Monday’s Mommas: Melinda Ziskinder

It’s a new year and that means more mommas to introduce you on The Mommy Rundown! We’re kicking off 2015 with Melinda Ziskinder.

melinda picMelinda is an attorney, wife, and mom to three boys. Since 2013, she has written about parenting and modern life on her blog,There is a Season. When she and her family aren’t watching Glee, they enjoy playing Catchphrase, reading J.R.R. Tolkien books, and gathering in the kitchen for family meals.

Do you and your spouse agree on TV shows?
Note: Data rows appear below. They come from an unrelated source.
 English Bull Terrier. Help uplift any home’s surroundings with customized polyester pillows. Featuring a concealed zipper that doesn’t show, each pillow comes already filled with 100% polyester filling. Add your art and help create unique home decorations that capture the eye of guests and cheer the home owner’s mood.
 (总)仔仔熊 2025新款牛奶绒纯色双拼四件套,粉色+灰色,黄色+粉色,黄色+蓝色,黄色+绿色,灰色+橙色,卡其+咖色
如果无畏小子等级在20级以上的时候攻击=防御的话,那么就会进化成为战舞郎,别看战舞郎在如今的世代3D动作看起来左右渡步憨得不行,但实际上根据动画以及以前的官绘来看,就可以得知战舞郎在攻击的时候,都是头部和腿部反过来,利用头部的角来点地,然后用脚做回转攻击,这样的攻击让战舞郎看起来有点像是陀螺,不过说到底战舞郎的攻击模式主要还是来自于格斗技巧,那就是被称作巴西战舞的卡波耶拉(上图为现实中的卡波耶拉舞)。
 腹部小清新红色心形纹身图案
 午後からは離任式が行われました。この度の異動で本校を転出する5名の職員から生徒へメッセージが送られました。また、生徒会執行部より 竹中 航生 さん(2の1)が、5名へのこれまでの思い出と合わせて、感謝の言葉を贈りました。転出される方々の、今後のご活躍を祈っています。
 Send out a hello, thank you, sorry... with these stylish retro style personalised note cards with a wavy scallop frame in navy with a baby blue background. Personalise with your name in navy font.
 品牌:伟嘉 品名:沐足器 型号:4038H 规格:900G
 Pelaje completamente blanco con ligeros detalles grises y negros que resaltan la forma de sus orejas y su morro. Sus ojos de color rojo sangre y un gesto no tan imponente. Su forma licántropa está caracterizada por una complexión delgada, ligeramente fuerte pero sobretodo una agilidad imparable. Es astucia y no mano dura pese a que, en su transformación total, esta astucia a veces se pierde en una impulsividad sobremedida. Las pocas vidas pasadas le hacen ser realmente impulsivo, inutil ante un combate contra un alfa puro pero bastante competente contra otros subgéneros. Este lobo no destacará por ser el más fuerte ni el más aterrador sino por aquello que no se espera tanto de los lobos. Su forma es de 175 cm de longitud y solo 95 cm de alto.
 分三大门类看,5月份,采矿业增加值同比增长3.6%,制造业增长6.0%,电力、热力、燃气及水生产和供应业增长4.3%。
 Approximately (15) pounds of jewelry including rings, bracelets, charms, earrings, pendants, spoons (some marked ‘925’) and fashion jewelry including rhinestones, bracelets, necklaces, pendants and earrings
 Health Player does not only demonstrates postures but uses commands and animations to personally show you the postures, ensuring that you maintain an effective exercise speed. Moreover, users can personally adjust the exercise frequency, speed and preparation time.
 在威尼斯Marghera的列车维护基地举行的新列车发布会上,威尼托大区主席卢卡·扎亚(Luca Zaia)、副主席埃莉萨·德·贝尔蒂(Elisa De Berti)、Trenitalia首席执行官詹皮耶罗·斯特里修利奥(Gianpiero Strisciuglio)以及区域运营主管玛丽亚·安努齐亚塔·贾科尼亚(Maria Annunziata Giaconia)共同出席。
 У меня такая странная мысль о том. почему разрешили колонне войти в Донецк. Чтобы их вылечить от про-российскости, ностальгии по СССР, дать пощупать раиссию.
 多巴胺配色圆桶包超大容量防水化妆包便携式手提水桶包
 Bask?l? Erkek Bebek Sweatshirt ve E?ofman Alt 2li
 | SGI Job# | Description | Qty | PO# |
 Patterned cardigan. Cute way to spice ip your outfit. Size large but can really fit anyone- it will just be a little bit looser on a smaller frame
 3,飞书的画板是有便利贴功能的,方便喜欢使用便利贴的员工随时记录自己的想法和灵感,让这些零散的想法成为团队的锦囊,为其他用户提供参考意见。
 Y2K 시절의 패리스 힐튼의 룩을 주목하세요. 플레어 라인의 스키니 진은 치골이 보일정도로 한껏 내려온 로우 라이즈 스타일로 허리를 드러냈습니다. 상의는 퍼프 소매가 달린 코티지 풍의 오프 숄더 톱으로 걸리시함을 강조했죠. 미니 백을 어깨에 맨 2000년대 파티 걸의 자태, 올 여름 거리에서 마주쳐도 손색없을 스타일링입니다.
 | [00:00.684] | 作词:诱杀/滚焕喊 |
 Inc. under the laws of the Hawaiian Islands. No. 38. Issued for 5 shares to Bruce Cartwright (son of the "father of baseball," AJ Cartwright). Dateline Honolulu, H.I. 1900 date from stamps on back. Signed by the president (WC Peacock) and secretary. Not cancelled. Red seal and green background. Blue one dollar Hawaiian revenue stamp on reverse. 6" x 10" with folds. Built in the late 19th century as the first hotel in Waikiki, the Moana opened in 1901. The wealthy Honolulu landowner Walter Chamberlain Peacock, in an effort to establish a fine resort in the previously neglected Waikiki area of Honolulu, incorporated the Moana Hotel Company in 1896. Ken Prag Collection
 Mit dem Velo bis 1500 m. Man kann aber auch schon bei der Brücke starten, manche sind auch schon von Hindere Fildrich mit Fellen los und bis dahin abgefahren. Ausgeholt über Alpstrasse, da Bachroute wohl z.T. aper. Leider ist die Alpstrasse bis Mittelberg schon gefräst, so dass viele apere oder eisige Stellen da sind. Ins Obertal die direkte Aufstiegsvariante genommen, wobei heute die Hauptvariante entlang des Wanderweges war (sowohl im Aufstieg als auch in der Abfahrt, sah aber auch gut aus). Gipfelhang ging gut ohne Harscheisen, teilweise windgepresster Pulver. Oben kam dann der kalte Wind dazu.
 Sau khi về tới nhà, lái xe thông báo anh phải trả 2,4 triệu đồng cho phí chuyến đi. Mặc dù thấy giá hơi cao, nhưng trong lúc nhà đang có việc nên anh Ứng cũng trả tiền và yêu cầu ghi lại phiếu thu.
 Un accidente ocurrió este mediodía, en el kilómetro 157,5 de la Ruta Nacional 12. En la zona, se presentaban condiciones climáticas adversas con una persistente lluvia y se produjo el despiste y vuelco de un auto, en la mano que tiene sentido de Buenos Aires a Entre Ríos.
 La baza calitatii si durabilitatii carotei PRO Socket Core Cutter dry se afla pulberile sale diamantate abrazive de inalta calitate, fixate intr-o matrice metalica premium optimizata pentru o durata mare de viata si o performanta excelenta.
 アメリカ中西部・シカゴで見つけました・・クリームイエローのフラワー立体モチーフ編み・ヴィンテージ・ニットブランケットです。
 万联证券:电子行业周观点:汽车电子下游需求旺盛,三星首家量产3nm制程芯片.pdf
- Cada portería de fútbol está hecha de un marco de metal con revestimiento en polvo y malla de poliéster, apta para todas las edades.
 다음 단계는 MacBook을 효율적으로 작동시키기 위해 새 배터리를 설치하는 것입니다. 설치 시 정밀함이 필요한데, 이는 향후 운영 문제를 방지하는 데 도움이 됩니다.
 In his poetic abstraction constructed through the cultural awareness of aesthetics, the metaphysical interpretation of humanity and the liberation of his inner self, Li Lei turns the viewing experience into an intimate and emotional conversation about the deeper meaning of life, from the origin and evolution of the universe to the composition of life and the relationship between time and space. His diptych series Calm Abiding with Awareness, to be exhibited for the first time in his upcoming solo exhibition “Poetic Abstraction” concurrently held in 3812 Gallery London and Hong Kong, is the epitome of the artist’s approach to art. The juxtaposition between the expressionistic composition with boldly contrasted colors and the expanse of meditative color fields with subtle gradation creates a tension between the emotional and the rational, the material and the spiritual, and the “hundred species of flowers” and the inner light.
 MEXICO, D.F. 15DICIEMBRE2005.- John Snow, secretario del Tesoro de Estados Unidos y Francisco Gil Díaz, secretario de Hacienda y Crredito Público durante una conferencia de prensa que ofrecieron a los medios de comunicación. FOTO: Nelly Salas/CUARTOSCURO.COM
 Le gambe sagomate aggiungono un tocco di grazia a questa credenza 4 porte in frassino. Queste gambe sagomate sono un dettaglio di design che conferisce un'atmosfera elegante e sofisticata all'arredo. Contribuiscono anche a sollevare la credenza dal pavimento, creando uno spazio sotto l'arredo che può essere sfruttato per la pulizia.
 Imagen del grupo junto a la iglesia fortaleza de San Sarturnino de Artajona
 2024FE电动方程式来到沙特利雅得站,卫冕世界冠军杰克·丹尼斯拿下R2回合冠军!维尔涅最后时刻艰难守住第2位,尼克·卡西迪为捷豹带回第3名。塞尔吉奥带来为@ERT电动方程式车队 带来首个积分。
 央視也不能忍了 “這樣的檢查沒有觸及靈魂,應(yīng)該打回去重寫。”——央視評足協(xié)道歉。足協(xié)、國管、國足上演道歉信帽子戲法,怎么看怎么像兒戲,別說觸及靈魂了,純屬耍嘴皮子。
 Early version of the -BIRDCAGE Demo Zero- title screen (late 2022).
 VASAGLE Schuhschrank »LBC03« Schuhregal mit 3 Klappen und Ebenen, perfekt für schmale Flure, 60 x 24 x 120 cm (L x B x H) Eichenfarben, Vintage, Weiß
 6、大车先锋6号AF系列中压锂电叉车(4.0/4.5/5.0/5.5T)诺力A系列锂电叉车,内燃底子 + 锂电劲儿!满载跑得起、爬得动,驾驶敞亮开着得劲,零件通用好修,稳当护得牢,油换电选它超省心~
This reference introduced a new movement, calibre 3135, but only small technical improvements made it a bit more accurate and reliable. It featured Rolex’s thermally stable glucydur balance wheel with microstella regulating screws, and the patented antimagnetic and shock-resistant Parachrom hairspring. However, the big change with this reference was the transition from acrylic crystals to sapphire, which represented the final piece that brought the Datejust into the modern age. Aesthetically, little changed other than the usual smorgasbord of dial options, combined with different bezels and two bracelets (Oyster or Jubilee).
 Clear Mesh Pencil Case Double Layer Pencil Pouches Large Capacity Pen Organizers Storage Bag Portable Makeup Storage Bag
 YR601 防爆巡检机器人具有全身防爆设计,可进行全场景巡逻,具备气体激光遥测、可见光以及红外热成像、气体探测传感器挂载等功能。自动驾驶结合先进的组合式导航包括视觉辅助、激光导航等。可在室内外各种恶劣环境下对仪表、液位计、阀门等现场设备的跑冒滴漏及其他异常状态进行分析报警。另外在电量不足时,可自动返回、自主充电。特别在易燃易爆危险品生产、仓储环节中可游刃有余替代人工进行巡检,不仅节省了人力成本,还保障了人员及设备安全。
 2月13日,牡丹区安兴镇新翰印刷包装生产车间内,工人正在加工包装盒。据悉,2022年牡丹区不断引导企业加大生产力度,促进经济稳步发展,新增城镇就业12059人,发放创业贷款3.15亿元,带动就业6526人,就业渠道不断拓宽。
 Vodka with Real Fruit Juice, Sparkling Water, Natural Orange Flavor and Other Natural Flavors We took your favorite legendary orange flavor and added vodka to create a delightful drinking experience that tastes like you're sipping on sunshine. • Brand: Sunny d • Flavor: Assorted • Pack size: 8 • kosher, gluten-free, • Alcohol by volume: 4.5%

If you do, I think you’re one of the few.

Check out Melinda’s story here in her guest post.

 

“Newly Discovered Evidence”

Think you know your mate from every angle?  Confident you would take the disco ball trophy on the Newlywed Game or pass the INS toothbrush test?  Think again!

I’ve been married for more than a decade to my love.  Not so long, I know, but surely long enough to know what he enjoys and what he would use scorched earth tactics to avoid.  One thing I thought I knew for sure:  he doesn’t like music.  Disco, 80s greatest hits albums, yes.  Music?  No.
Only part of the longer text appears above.